BOL: Related items

Perl one-liner for bioinformatician !!!

Abhimanyu Singh — Fri, 30 May 2014 05:49:07 -0500

With the emergence of NGS technologies, and sequencing data most of the bioinformaticians mung and wrangle around massive amounts of genomics text.
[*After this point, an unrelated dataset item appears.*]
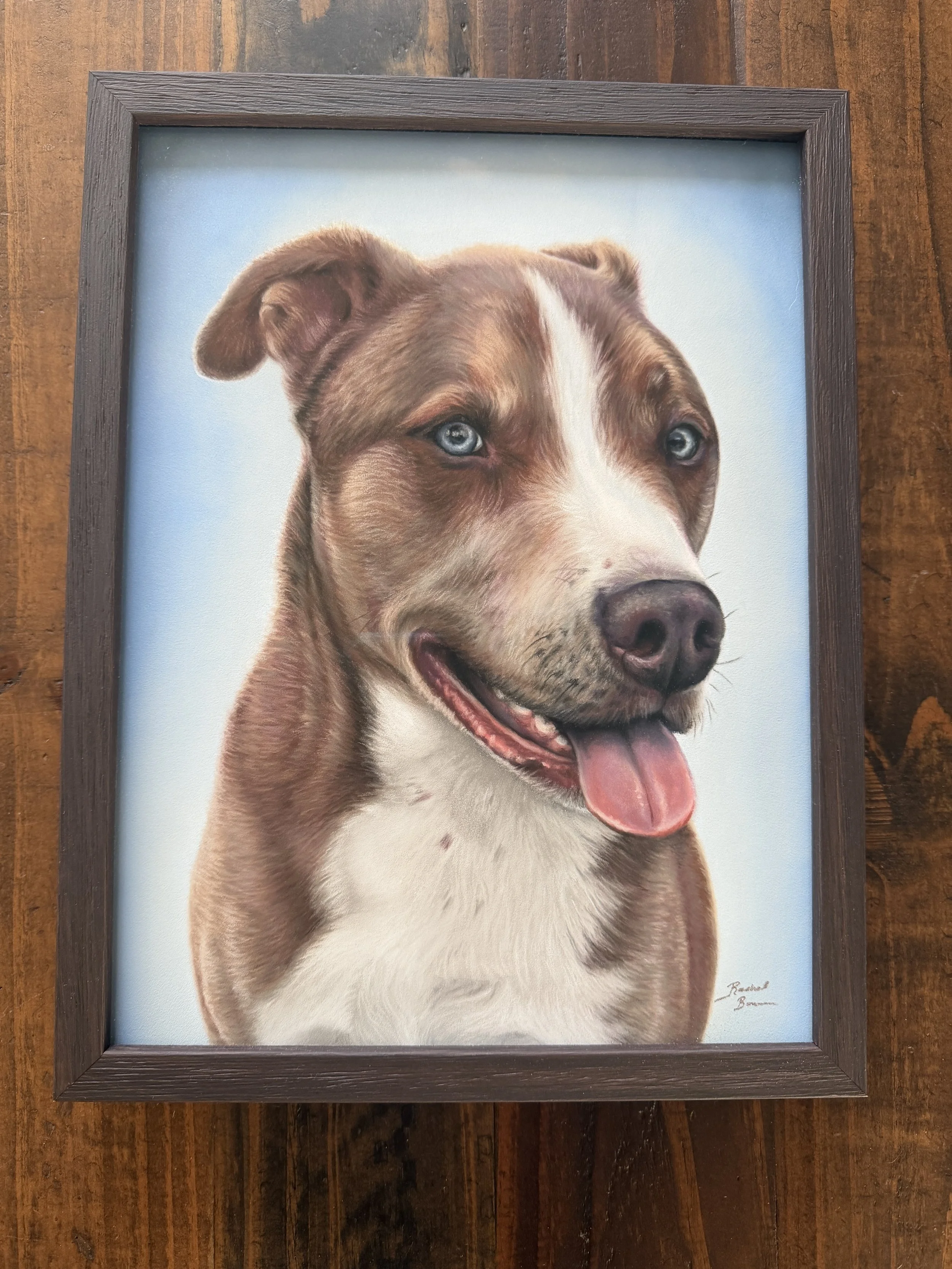“Rachel is such a talented artist! The attention she put into our dogs portrait was so impressive! Capturing every quirk and detail perfectly, we couldn’t have imagined it better. The perfect keep sake for our puppy.”

There are several "standardized" file formats (FASTQ, SAM, VCF, etc.) and some tools for manipulating them (fastx toolkit, samtools, vcftools, etc.), there are still times where knowing a little bit of Perl onliner is extremely helpful.
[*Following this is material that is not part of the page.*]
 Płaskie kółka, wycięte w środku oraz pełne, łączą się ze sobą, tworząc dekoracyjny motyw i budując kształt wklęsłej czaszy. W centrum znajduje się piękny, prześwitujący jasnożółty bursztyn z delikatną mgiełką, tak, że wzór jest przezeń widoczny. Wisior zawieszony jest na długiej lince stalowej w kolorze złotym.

Perl one-liners are small and awesome Perl programs that fit in a single line of code and they do one thing really well. These things include changing line spacing, numbering lines, doing calculations, converting and substituting text, deleting and printing certain lines, parsing logs, editing files in-place, doing statistics, carrying out system administration tasks, updating a bunch of files at once, and many more. Perl one-liners will make you the shell warrior. Anything that took you minutes to solve, will now take you seconds!

perl -pe '$\="\n"'
#double space a file

perl -pe '$_ .= "\n" unless /^$/'
#double space a file except blank lines

perl -pe '$_.="\n"x7'
#7 space in a line.

perl -ne 'print unless /^$/'
#remove all blank lines

perl -lne 'print if length($_) < 20'
#print all lines with length less than 20.

perl -00 -pe ''
#If there are multiple spaces, delete all leaving one(make the file a single spaced file).

perl -00 -pe '$_.="\n"x4'
#Expand single blank lines into 4 consecutive blank lines

perl -pe '$_ = "$. $_"'
#Number all lines in a file

perl -pe '$_ = ++$a." $_" if /./'
#Number only non-empty lines in a file

perl -ne 'print ++$a." $_" if /./'
#Number and print only non-empty lines in a file

perl -pe '$_ = ++$a." $_" if /regex/'
#Number only lines that match a pattern

perl -ne 'print ++$a." $_" if /regex/'
#Number and print only lines that match a pattern

perl -ne 'printf "%-5d %s", $., $_ if /regex/'
#Left align lines with 5 white spaces if matches a pattern (perl -ne 'printf "%-5d %s", $., $_' : for all the lines)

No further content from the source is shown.